### Task directions
The records below are to be returned word for word, with pictures left out.

### Extracted records
=-=-=-=-=
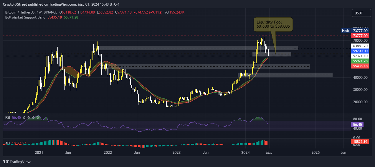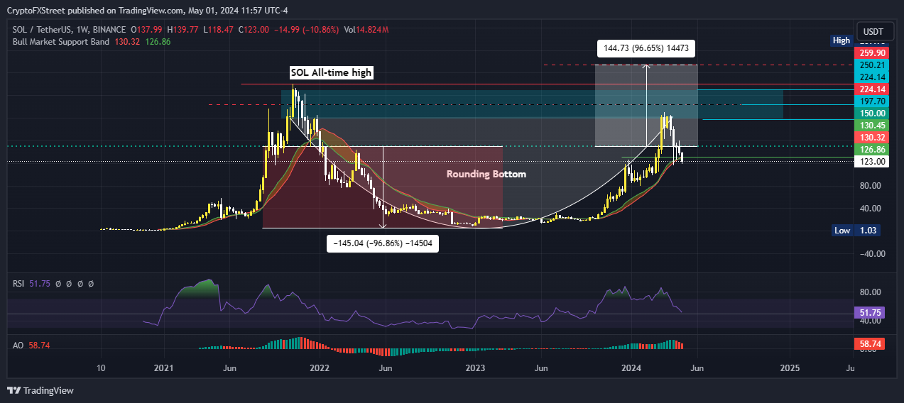 Solana (SOL) price is down almost 5% in the past 24 hours and over 20% in the last seven days. The dump comes as the broader crypto market contracts with Bitcoin price leading the pack as it slides below the $58,000 threshold to test the Bull Market Support Band Indicator.
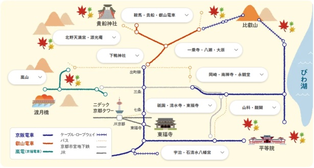 「京都・滋賀 京阪沿線の紅葉特集 2025」にはエリアごとの名所を合わせた路線図を掲載(画像は2024年のもの)画像提供:京阪電車
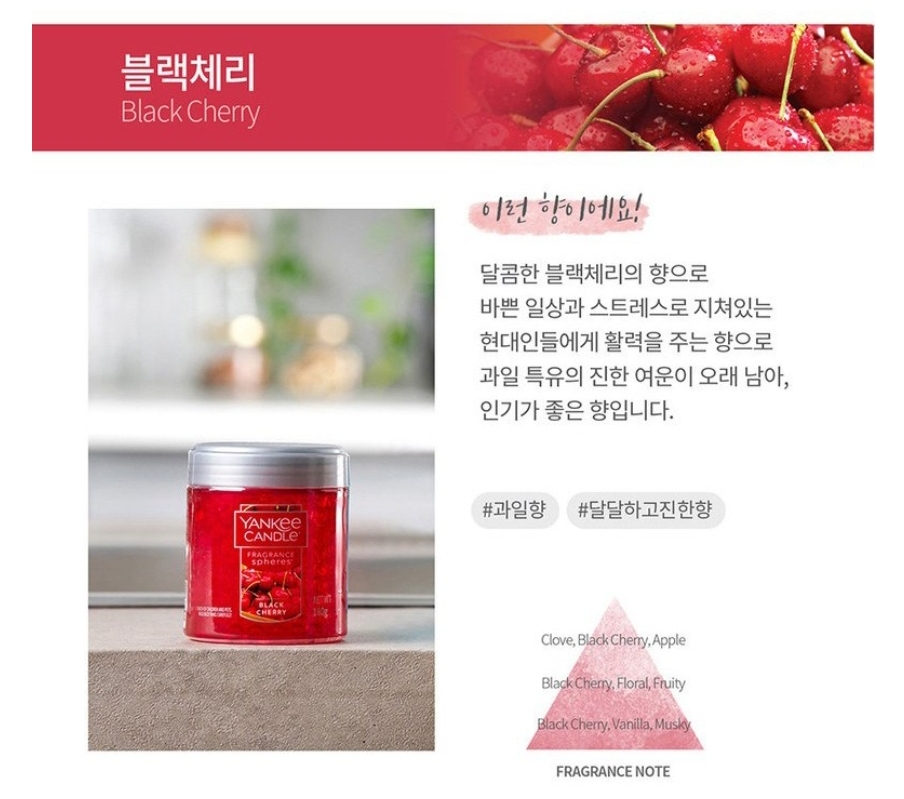 향은 총 7가지인데 블랙체리의 달콤함이 좋아서 빨간 자동차에 어울리는 향으로 고름 🍒 🚘
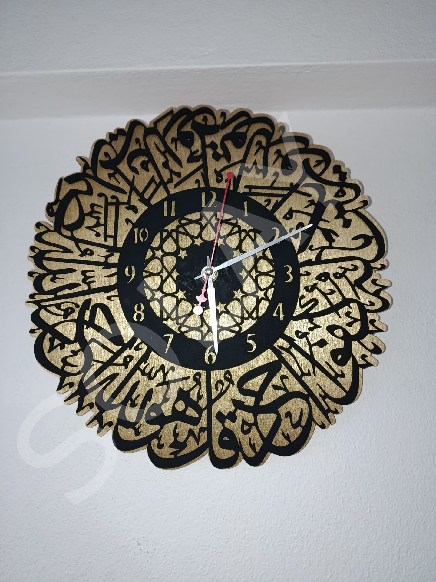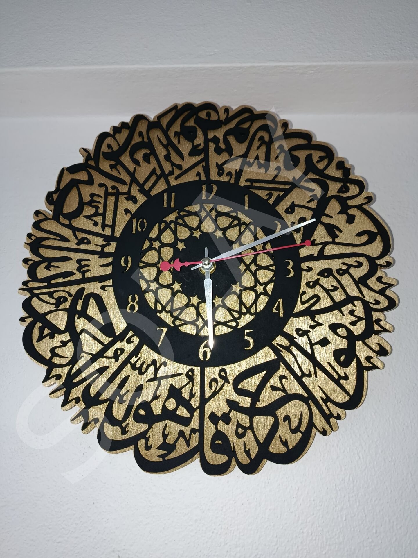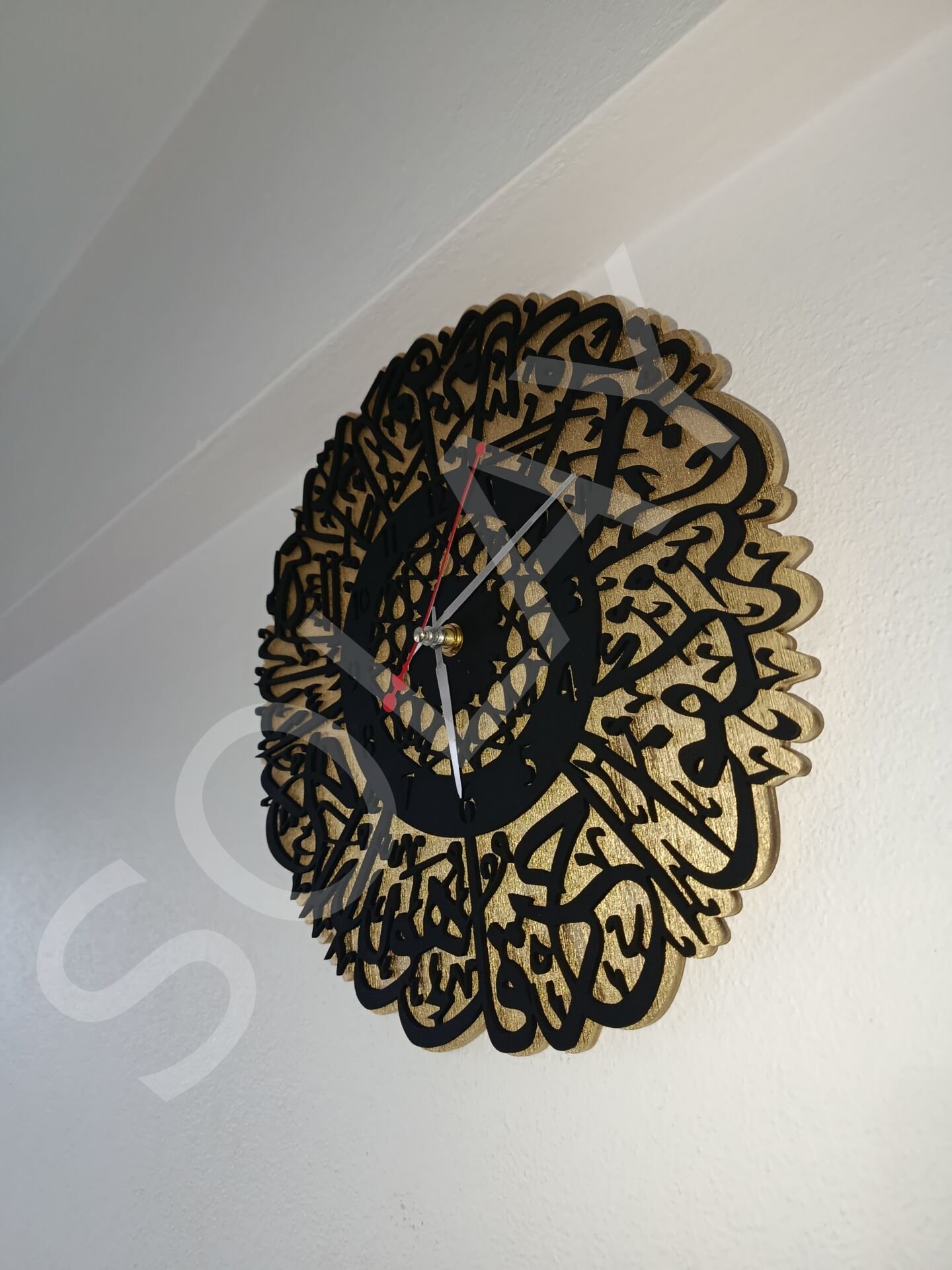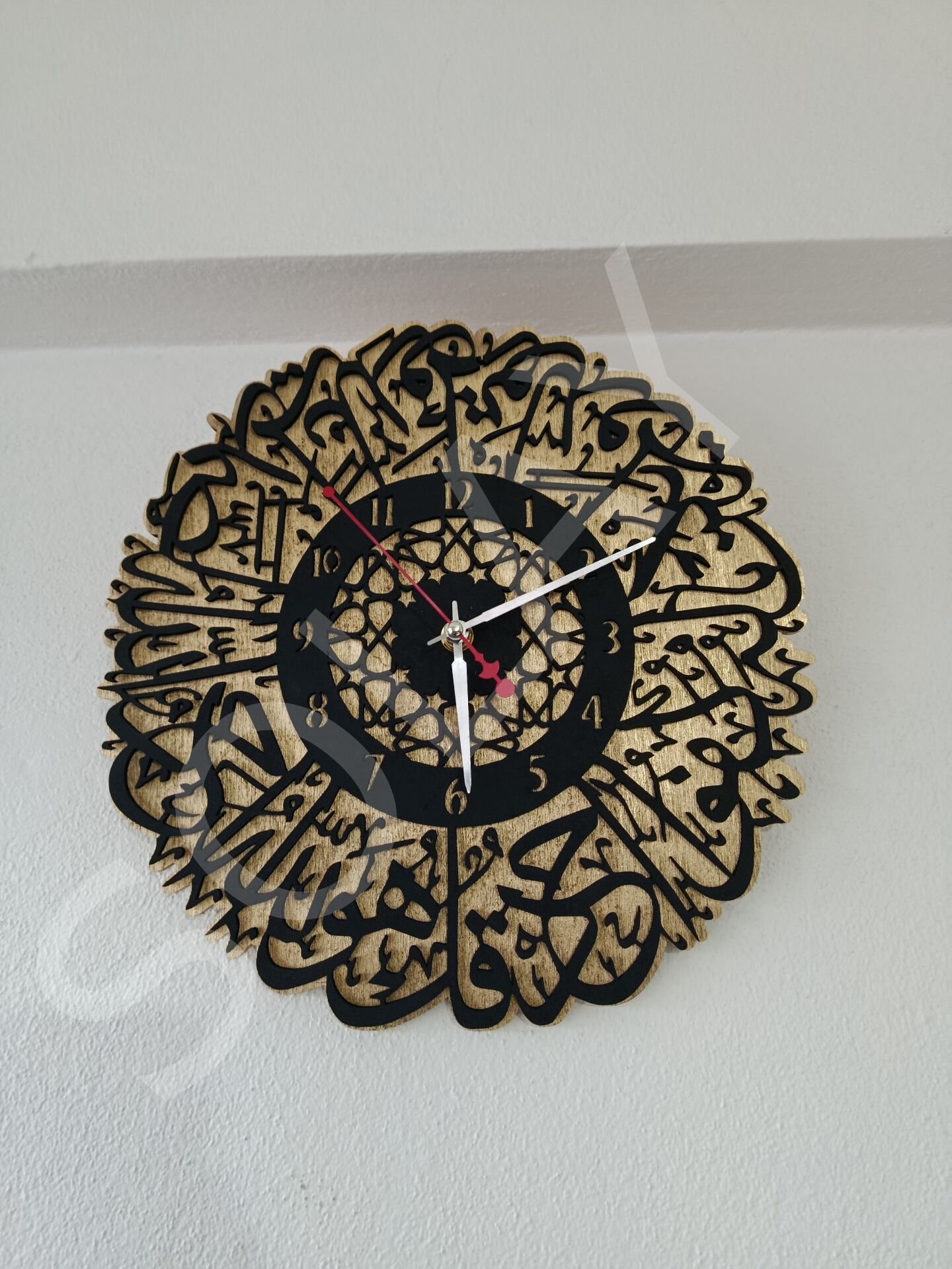 Lazer Kesim İslami Dekoratif Ahşap Duvar Saati - İhlas Suresi İşlemeli Gold Detaylı
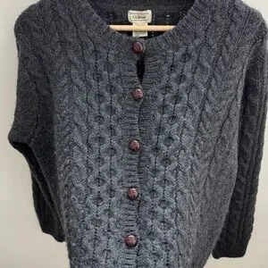 L.L.Bean 100% wool cable knit cardigan made in Ireland.
=-=-=-=-=
### Written solution
 Solana (SOL) price is down almost 5% in the past 24 hours and over 20% in the last seven days. The dump comes as the broader crypto market contracts with Bitcoin price leading the pack as it slides below the $58,000 threshold to test the Bull Market Support Band Indicator.
 「京都・滋賀 京阪沿線の紅葉特集 2025」にはエリアごとの名所を合わせた路線図を掲載(画像は2024年のもの)画像提供:京阪電車
 향은 총 7가지인데 블랙체리의 달콤함이 좋아서 빨간 자동차에 어울리는 향으로 고름 🍒 🚘
 Lazer Kesim İslami Dekoratif Ahşap Duvar Saati - İhlas Suresi İşlemeli Gold Detaylı
 L.L.Bean 100% wool cable knit cardigan made in Ireland.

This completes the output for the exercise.